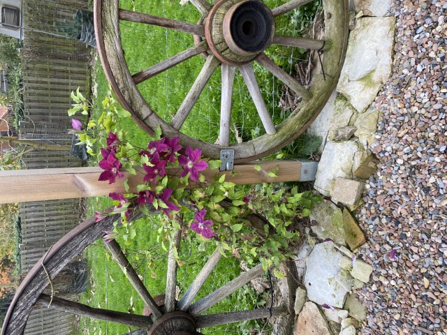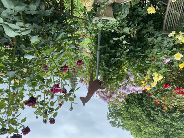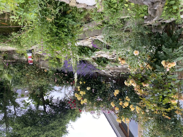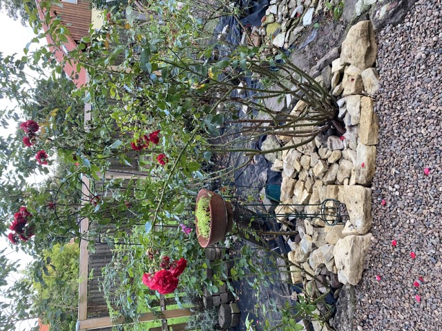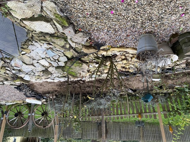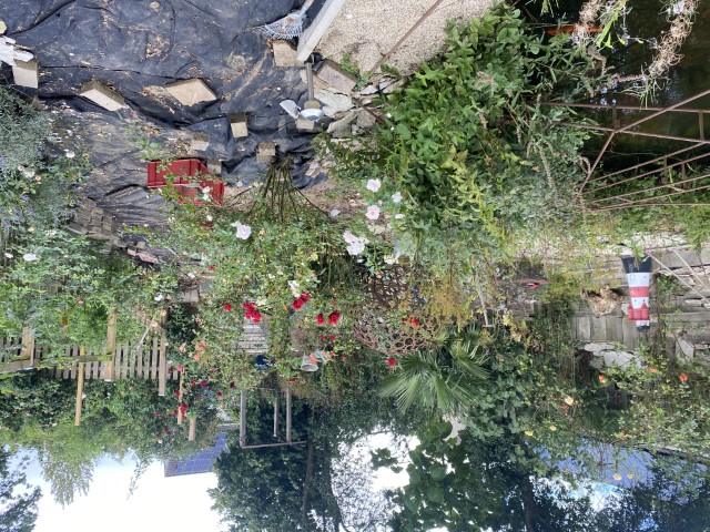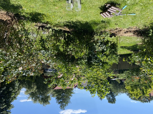 Heute habe ich das Ankleidezimmer umgeräumt, gestern wieder viel am Teich gewühlt: Platten unter den Zaun gelegt, also wieder Erde bewegen, und das am Hang! Glitschig und steil! Dann die Wurzel eines Sommerflieders und eine wilde Rose entfernt! Alles bei Nieselregen!
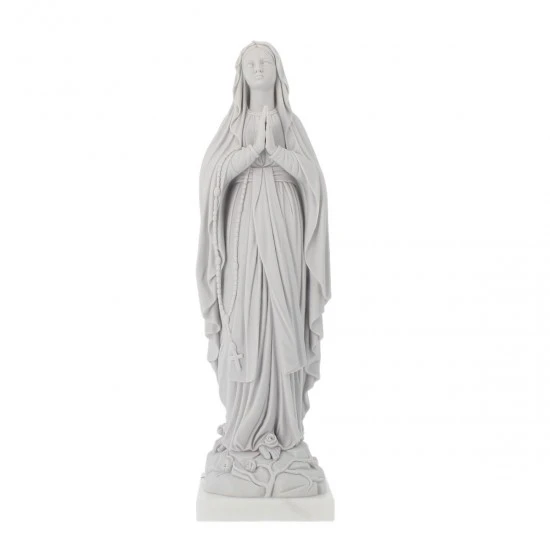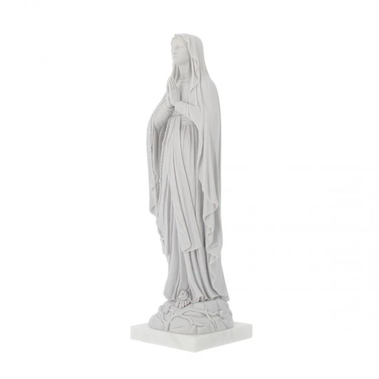 Statua Madonna di Lourdes realizzata in polvere di alabastro e resina. Produzione artigianale eseguita con molta cura per i particolari in un laboratorio specializzato di grande esperienza nella lavorazione di sculture sacre. Confezionata in scatola di polistirolo con imballaggio sicuro per il trasporto. Made in Italy
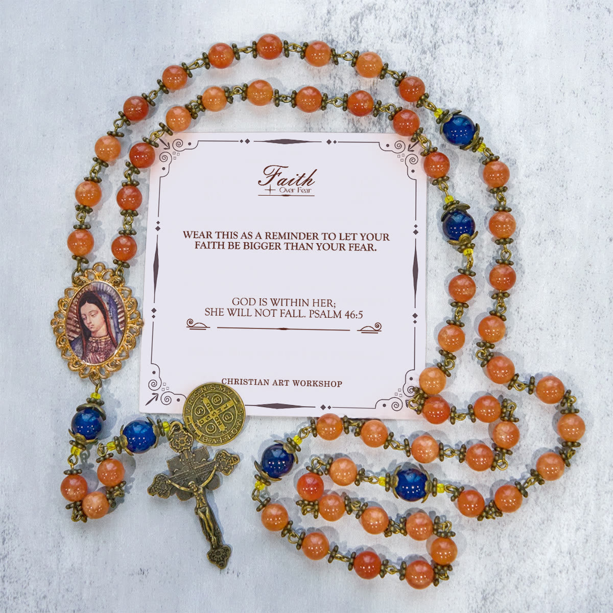 Handcrafted Orange Chalcedony Rosary featuring sacred symbols including a crucifix, St. Benedict medal, and Our Lady icon. Perfect for prayer and meditation, this five-decade rosary is made with high-quality orange chalcedony beads and detailed metalwork. A meaningful faith piece that combines spiritual significance with exquisite craftsmanship.
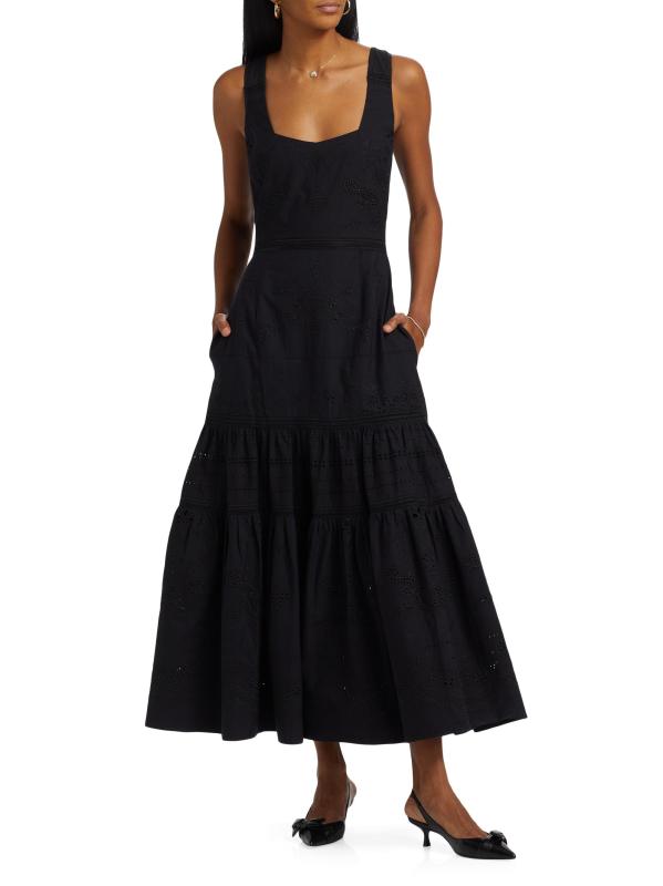 هذا الفستان الطويل المتدرج من Marchesa Rosa منسوج من القطن المطرّز ومزيّن بتفاصيل شبكية منسوجة.رقبة مربعة بدون أكمام إغلاق بسحّاب خلفي قطن بنسبة 100% تنظيف جاف مستوردة

What you need to do =
Would you write out the material above in full, exactly as given, except for its pictures?

Finished exercise =
 Heute habe ich das Ankleidezimmer umgeräumt, gestern wieder viel am Teich gewühlt: Platten unter den Zaun gelegt, also wieder Erde bewegen, und das am Hang! Glitschig und steil! Dann die Wurzel eines Sommerflieders und eine wilde Rose entfernt! Alles bei Nieselregen!
 Statua Madonna di Lourdes realizzata in polvere di alabastro e resina. Produzione artigianale eseguita con molta cura per i particolari in un laboratorio specializzato di grande esperienza nella lavorazione di sculture sacre. Confezionata in scatola di polistirolo con imballaggio sicuro per il trasporto. Made in Italy
 Handcrafted Orange Chalcedony Rosary featuring sacred symbols including a crucifix, St. Benedict medal, and Our Lady icon. Perfect for prayer and meditation, this five-decade rosary is made with high-quality orange chalcedony beads and detailed metalwork. A meaningful faith piece that combines spiritual significance with exquisite craftsmanship.
 هذا الفستان الطويل المتدرج من Marchesa Rosa منسوج من القطن المطرّز ومزيّن بتفاصيل شبكية منسوجة.رقبة مربعة بدون أكمام إغلاق بسحّاب خلفي قطن بنسبة 100% تنظيف جاف مستوردة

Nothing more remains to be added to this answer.